Data supplied:
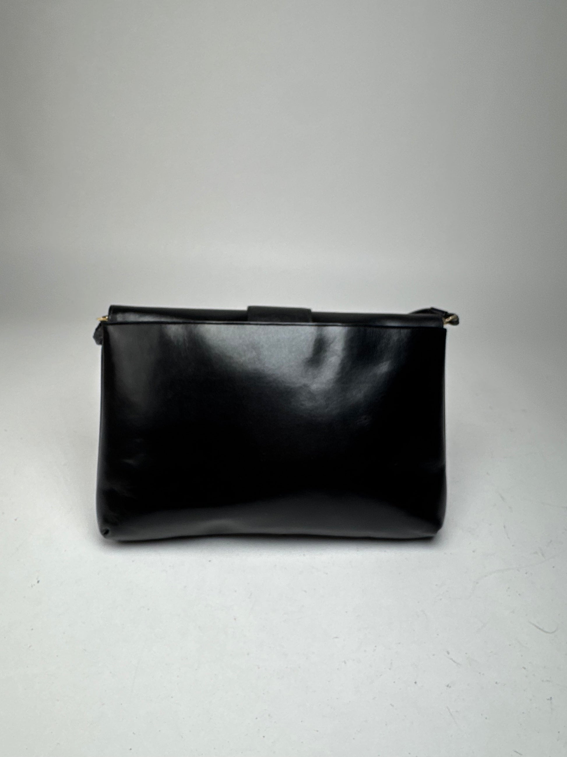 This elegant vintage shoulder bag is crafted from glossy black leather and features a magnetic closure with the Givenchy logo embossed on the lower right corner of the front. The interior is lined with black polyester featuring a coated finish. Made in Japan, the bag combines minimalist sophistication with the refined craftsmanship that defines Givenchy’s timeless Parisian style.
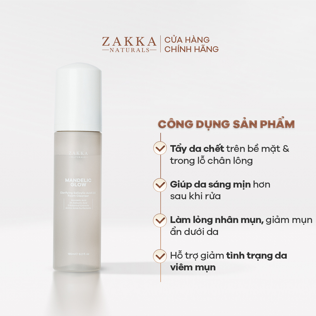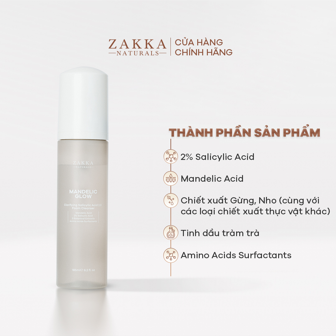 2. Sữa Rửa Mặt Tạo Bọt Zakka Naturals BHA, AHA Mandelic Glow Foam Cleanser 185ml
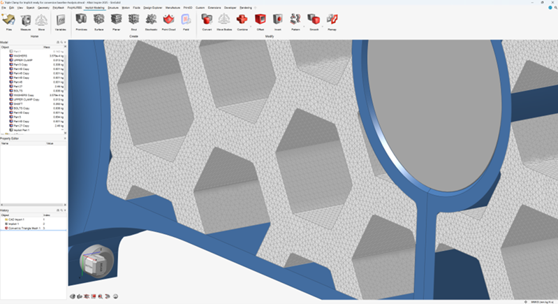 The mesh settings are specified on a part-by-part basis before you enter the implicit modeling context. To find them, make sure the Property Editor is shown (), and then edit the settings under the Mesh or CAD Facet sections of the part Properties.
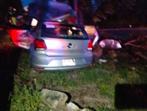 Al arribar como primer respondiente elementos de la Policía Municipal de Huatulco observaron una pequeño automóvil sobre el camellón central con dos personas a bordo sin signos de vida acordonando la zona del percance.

--

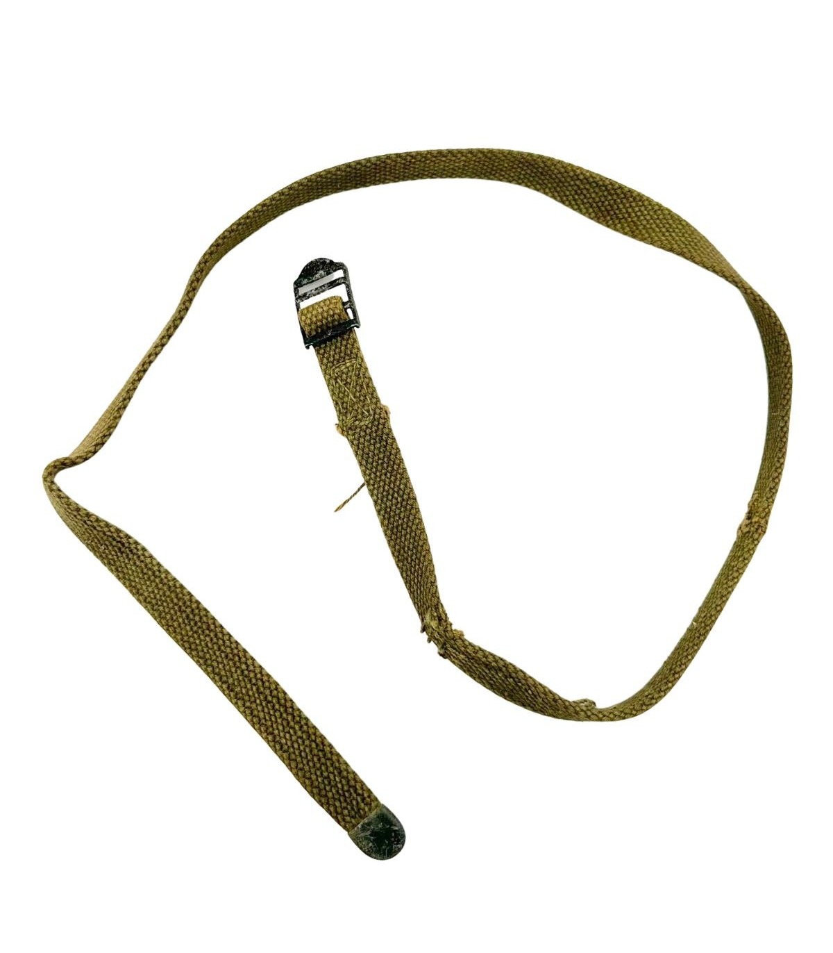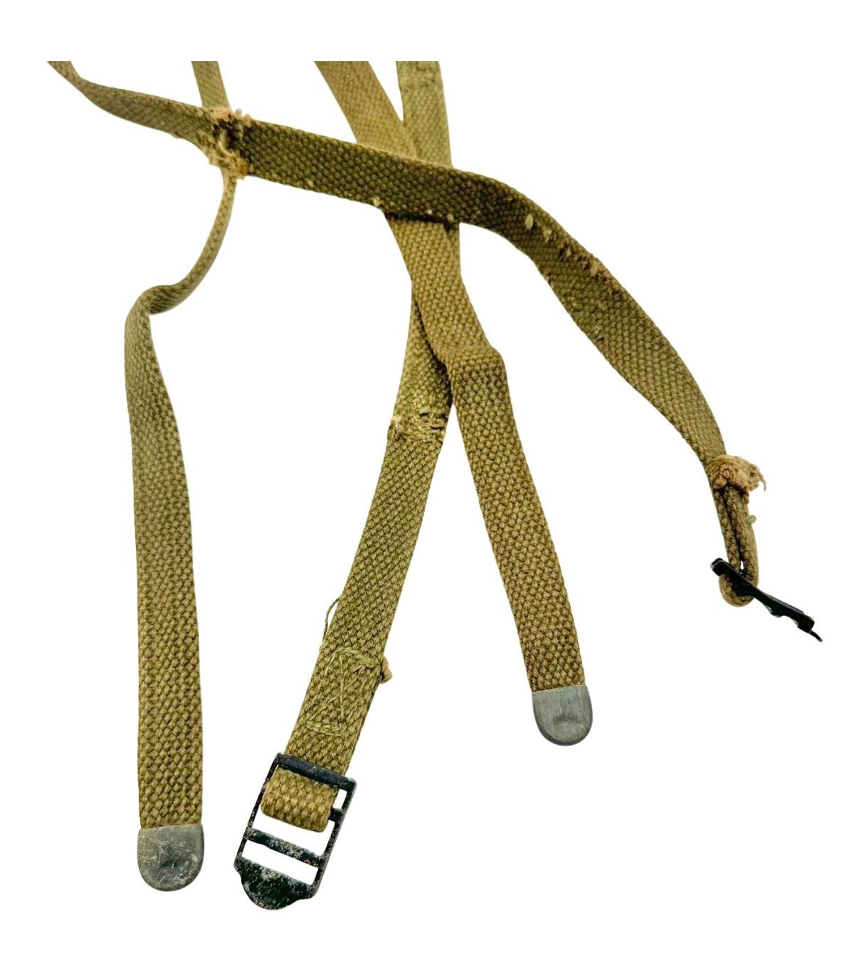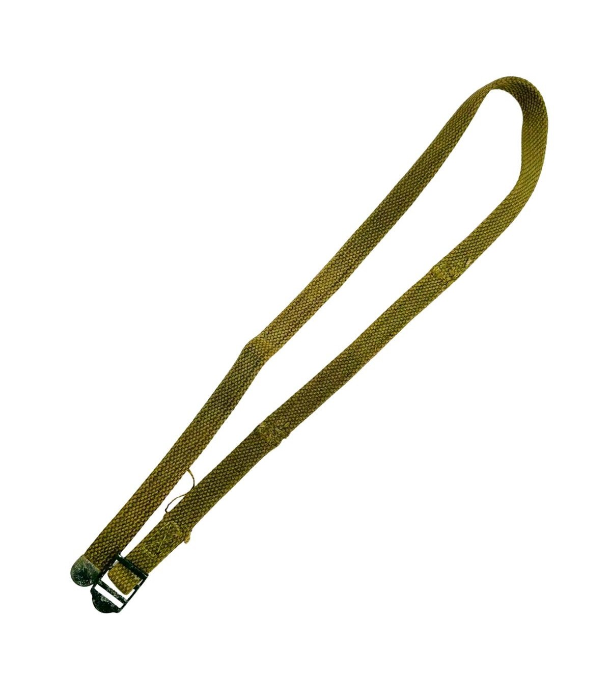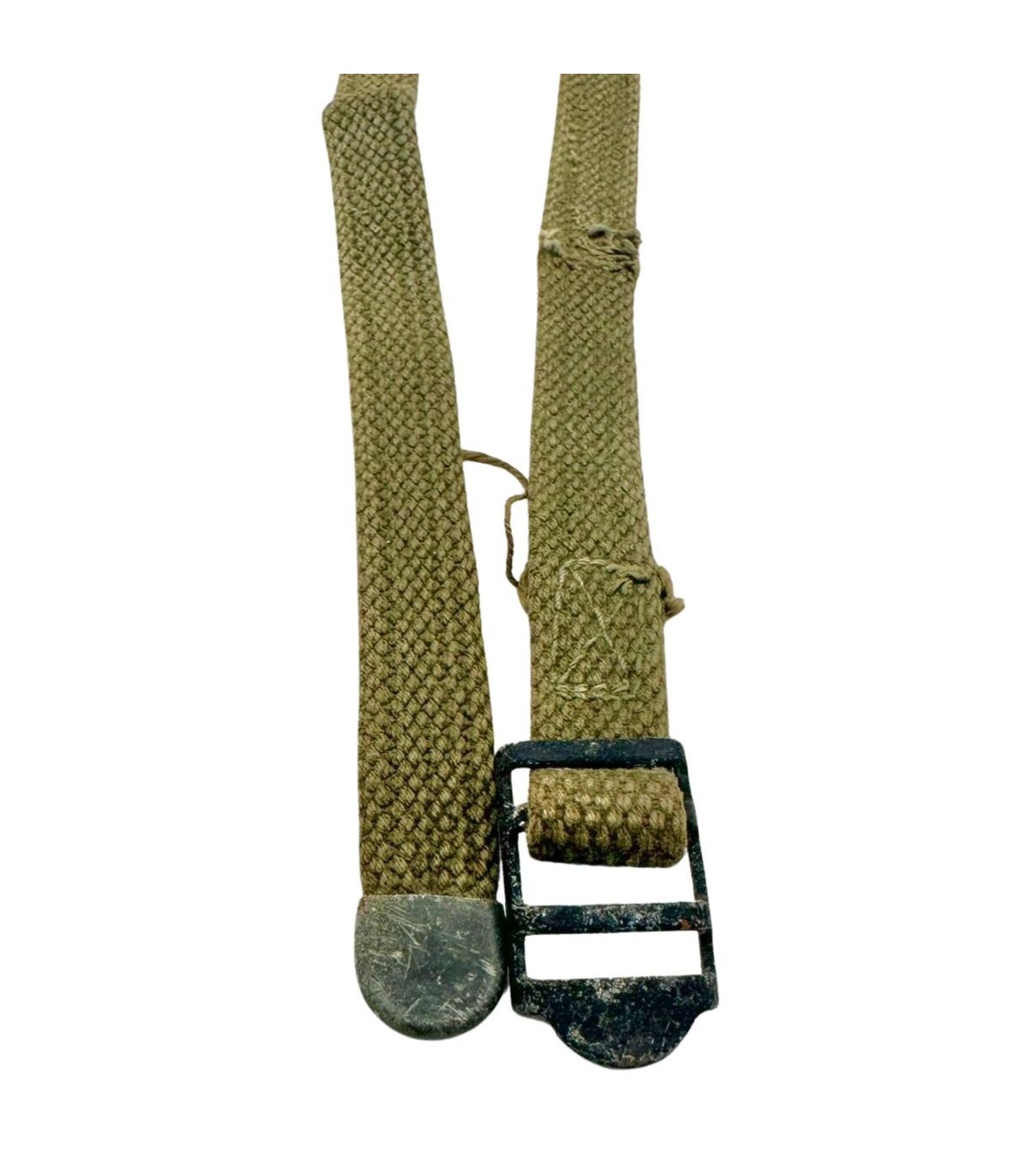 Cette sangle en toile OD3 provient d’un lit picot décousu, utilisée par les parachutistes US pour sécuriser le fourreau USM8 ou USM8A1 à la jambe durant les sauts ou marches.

* * *

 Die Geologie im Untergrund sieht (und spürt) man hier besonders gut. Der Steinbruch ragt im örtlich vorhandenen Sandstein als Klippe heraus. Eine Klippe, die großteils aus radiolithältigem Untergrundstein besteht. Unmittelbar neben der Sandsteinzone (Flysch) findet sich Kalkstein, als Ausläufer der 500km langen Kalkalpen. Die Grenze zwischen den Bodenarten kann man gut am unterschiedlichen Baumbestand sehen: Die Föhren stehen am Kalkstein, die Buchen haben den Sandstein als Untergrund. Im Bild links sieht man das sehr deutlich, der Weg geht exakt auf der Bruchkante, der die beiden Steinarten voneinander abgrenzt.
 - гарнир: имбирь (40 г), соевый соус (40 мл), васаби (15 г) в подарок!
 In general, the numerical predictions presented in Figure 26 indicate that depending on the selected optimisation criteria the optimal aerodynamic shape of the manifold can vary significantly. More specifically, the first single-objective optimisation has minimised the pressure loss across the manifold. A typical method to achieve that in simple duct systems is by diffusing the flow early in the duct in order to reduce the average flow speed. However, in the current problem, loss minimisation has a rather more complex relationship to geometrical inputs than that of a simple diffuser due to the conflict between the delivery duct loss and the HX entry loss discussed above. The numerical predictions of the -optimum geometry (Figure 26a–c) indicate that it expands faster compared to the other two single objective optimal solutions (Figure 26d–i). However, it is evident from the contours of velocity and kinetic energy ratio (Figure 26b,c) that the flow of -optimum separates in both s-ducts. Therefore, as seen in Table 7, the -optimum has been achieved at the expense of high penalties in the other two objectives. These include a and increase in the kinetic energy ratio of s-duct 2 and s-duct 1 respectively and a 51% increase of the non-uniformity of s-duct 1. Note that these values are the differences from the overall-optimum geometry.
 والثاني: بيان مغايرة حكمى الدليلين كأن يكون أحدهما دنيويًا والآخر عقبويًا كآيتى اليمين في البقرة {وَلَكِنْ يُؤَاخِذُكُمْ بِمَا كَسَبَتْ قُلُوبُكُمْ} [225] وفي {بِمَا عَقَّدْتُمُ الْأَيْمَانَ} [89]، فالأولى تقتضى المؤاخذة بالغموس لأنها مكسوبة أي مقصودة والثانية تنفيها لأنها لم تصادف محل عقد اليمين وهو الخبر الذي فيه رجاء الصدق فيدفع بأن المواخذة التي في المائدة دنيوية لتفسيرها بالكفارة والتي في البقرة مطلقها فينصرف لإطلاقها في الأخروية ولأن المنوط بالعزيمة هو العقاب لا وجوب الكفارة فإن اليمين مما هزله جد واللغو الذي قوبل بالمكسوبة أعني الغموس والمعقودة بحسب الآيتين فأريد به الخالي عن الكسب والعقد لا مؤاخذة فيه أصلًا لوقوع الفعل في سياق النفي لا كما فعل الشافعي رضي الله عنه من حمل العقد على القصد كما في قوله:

Task brief:
Retype, exactly and with no pictures, everything above from the line with "This elegant vintage" down to the line with "Al arribar como", both included.

Result of this task:
 This elegant vintage shoulder bag is crafted from glossy black leather and features a magnetic closure with the Givenchy logo embossed on the lower right corner of the front. The interior is lined with black polyester featuring a coated finish. Made in Japan, the bag combines minimalist sophistication with the refined craftsmanship that defines Givenchy’s timeless Parisian style.
 2. Sữa Rửa Mặt Tạo Bọt Zakka Naturals BHA, AHA Mandelic Glow Foam Cleanser 185ml
 The mesh settings are specified on a part-by-part basis before you enter the implicit modeling context. To find them, make sure the Property Editor is shown (), and then edit the settings under the Mesh or CAD Facet sections of the part Properties.
 Al arribar como primer respondiente elementos de la Policía Municipal de Huatulco observaron una pequeño automóvil sobre el camellón central con dos personas a bordo sin signos de vida acordonando la zona del percance.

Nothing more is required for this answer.